I don’t want to make Mark Zuckerberg richer. My objective in life is to make Ms Treatwell richer, not Mr. Zuckerberg.
Oriol Esteban
Performance Marketing Manager

Five years ago you were studying for an engineering degree in rocket science. Did you ever think you’d go into performance marketing?

Oriol: I wasn’t the smartest engineer. I knew I wasn’t going to go to NASA but I never knew I was going to end up in marketing. Seven years ago, I started working for a startup in the finance team – I was already on the wrong side of things. Then my former boss introduced me to digital marketing, back when it was the Wild West. 

I loved performance marketing because it was about volume. It was about impact. It was about technology. In the end, social networks have been a revolution.
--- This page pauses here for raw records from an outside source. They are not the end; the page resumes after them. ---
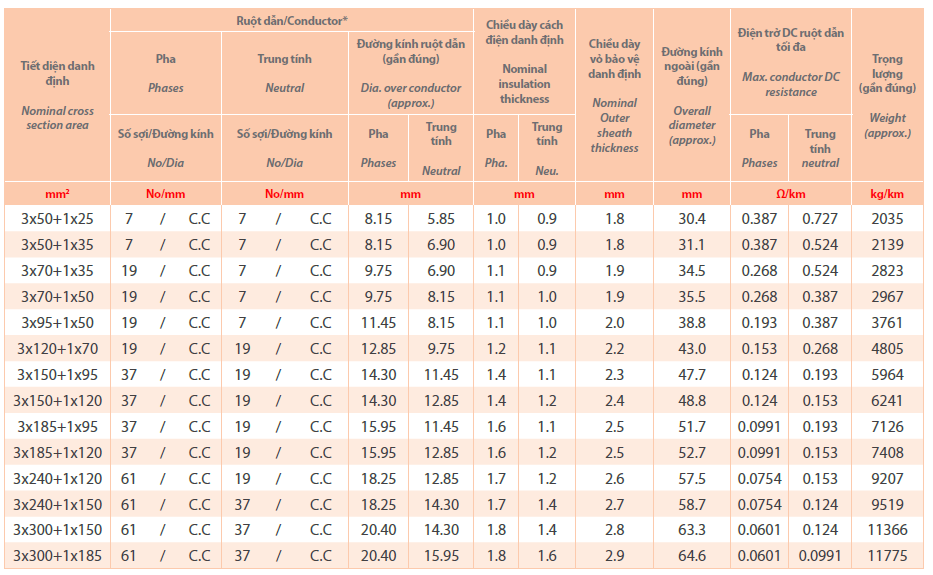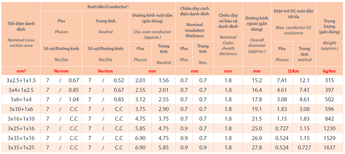 - Điện áp định mức (Uo/U): 0.6/1kV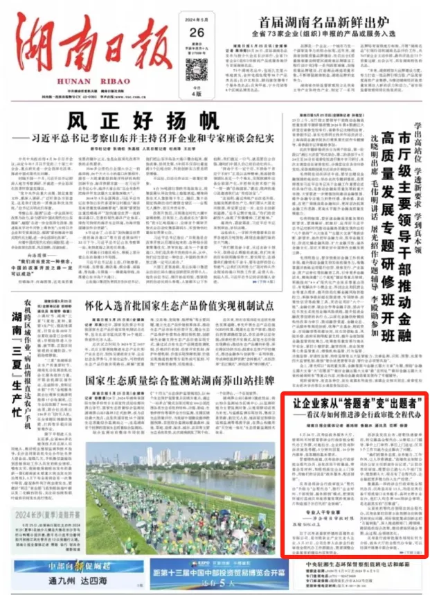 《湖南日报》“头版”点赞汉寿:企业尊享实实在在的"办事无忧",企业家身份华丽蝶变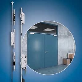 Beispielhaft präsentiert FUHR hierzu eine zweiflügelige Funktionstür, ausgestattet mit autotronic 836PK. Die Automatik-Mehrfachverriegelung mit motorischer Öffnung, Panikfunktion und Schaltkontakten ermöglicht diverse Zustandsabfragen zur Integration in Einbruchmeldeanlagen, Fluchtwegsicherungs- oder Gebäudemanagementsysteme.

They say that they’ve driven the biggest change since the combustion engine. 

Riding these waves as an engineer is the kind of challenge that all engineers look for… Plus, I wasn’t all that great at rockets and airplanes.

 

At Programmai, the name Oriol is shorthand for a specific type of marketer: someone who’s as comfortable coding as they are running paid ad campaigns.

How do you combine the two? 

Oriol: In the startup world, you have to deliver an MVP. One of the biggest challenges we have is paralysis by analysis: we have to wait for someone to script in Google Ads or run an analysis.
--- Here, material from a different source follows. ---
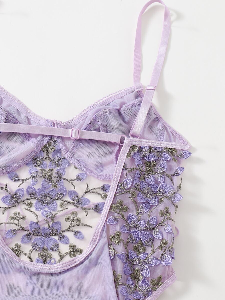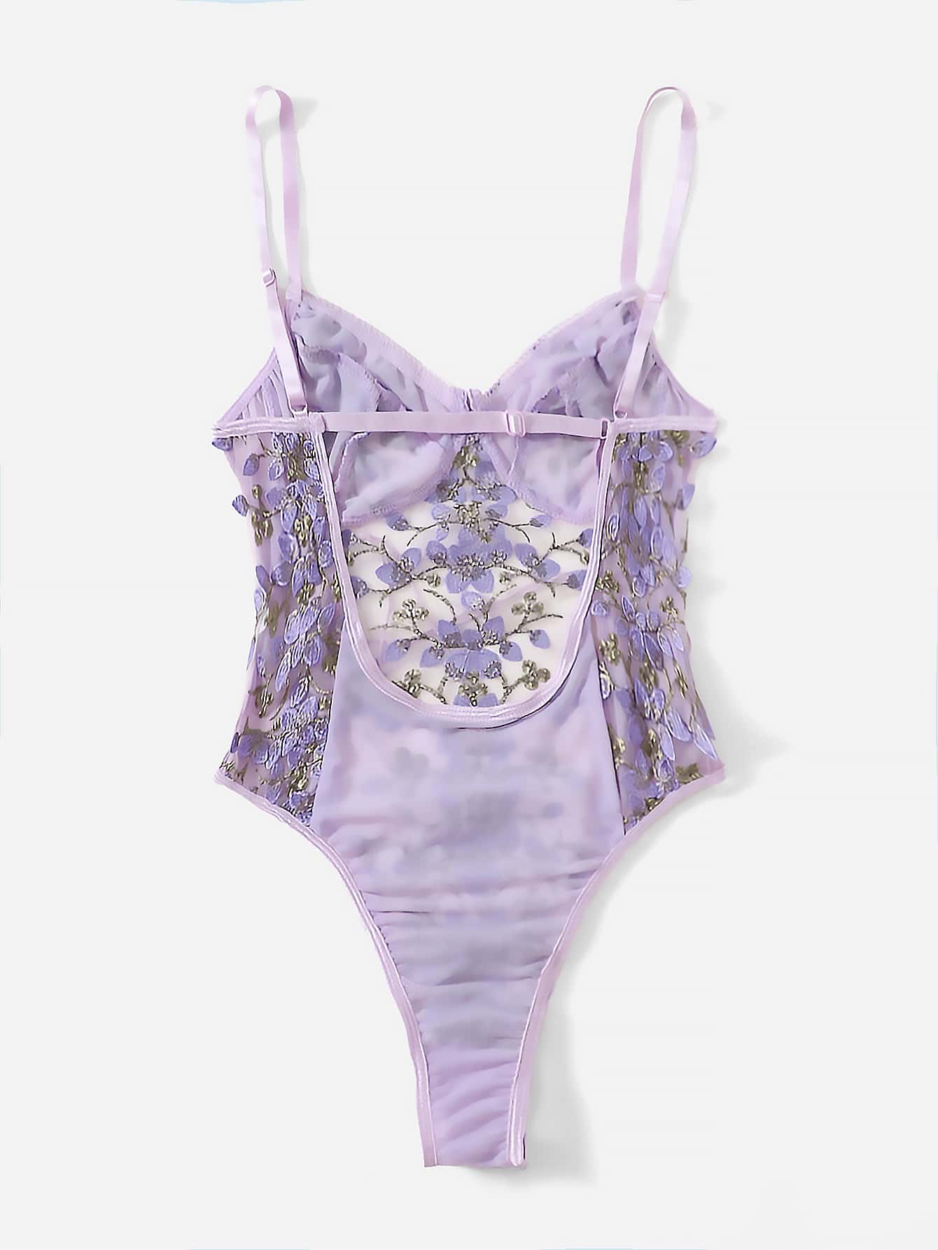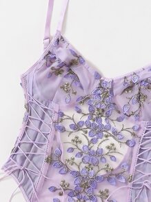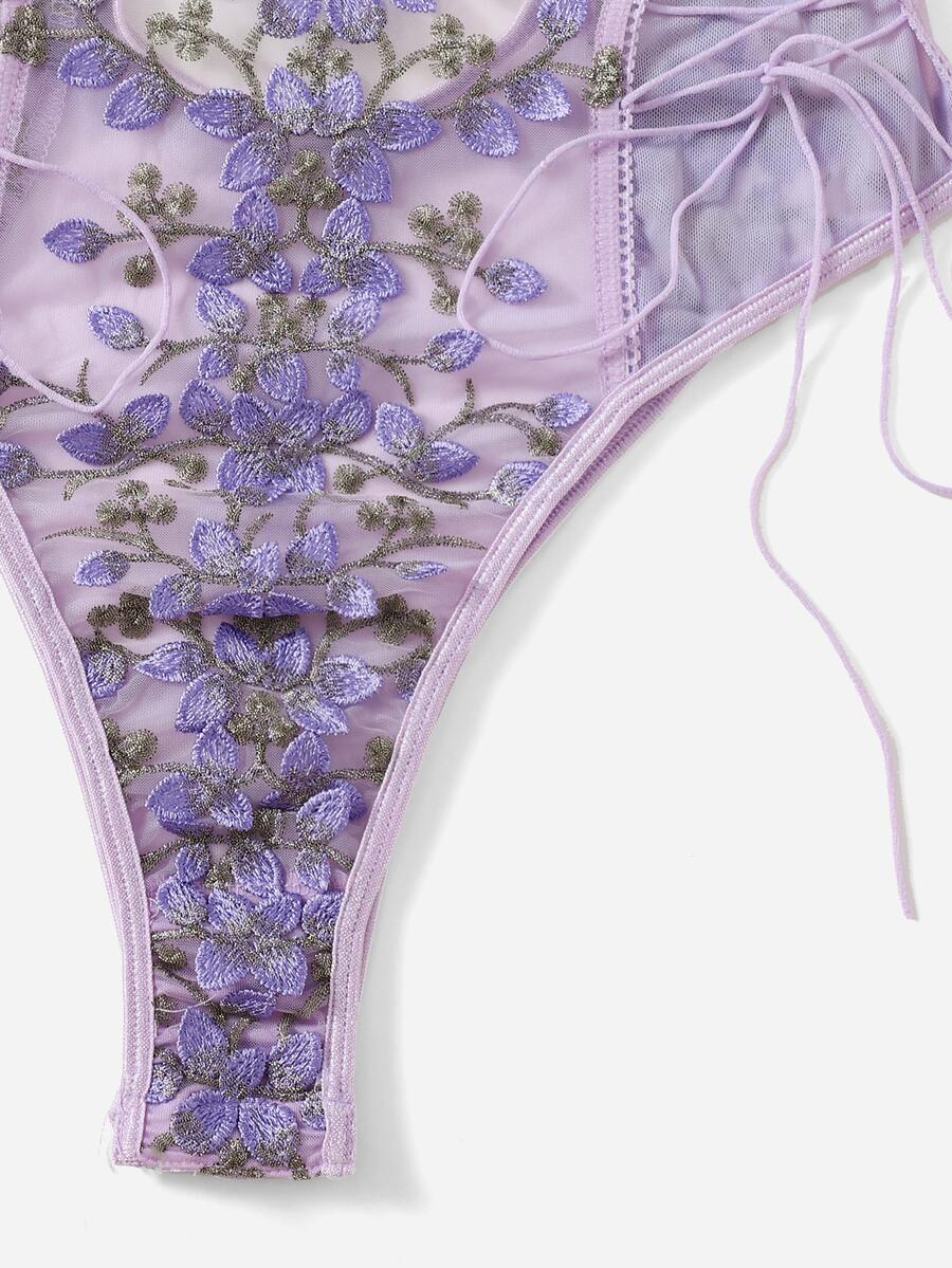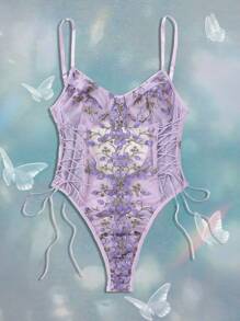 Floral Embroidered Mesh Lace-up Side Teddy Bodysuit

As we move towards a world where it’s going to be harder to get customer data, the marketers who can code will be best placed to adapt to the new reality. Even if that’s just a little scripting or knowing something about the API. 

Believe me, there’s a big difference between coding as a professional compared to what I can do. If the CTO of my company comes and checks my code, I’d get fired immediately.

I’ve been using websites like Codecademy and leading internal training at Treatwell on Python. Usually, the biggest barrier against coding is learning how to set up everything. Once you’ve installed a programme, coding is logic. Everyone can do a little.

Let’s adopt a startup mentality and think, ‘Okay. Let’s do this’. Then let’s do it.

 

By the time we met you, you already had a reputation for constant experimentation. Where did that focus come from?

Oriol: As an engineer, I want to measure everything. At uni, everything is measurable. Everything has a number. Everything can be counted. But when you start marketing, all you have is aggregated numbers. Before, I could bring a cost per action (CPA) to my manager but I knew that it was a lie. It was just what Facebook was telling me. 

When I went to Facebook, they reported 1000 purchases. When I went to Google, they also reported 1000. But when I went to our internal dashboard, we could see only 1200 orders. Something was missing; there was a disconnect. 

We were blind to our ads’ impact. And we were blind to our customers.

I’d love to know if Oriol from Barcelona has seen my ad at this time. I’d love to have access to all this data. 

That’s where lift testing comes in.

 

On our incrementality webinar, you said very simply: “If we don’t experiment with lift tests, we lose money.” Why do lift tests matter?

Oriol: Lift tests are such a simple idea. You take a random sample of people from your targeting and prevent them from seeing any of your ads. 

Let’s say you get 10 conversions, which you can attribute to out of home advertising.

If you add the Facebook ads and see 12 conversions, you can then see that two of those people were incremental. All you have to do is make sure that your sample is random and large enough.

Lift testing was the start of another revolution in marketing. It was the first time that I could go to my manager and say that thanks to me, we have a sale. I knew it was trustworthy. It was a revelation. 

I lift test because I need to trust the numbers. With feet on the ground, I can tell the finance team that spending this money makes sense. 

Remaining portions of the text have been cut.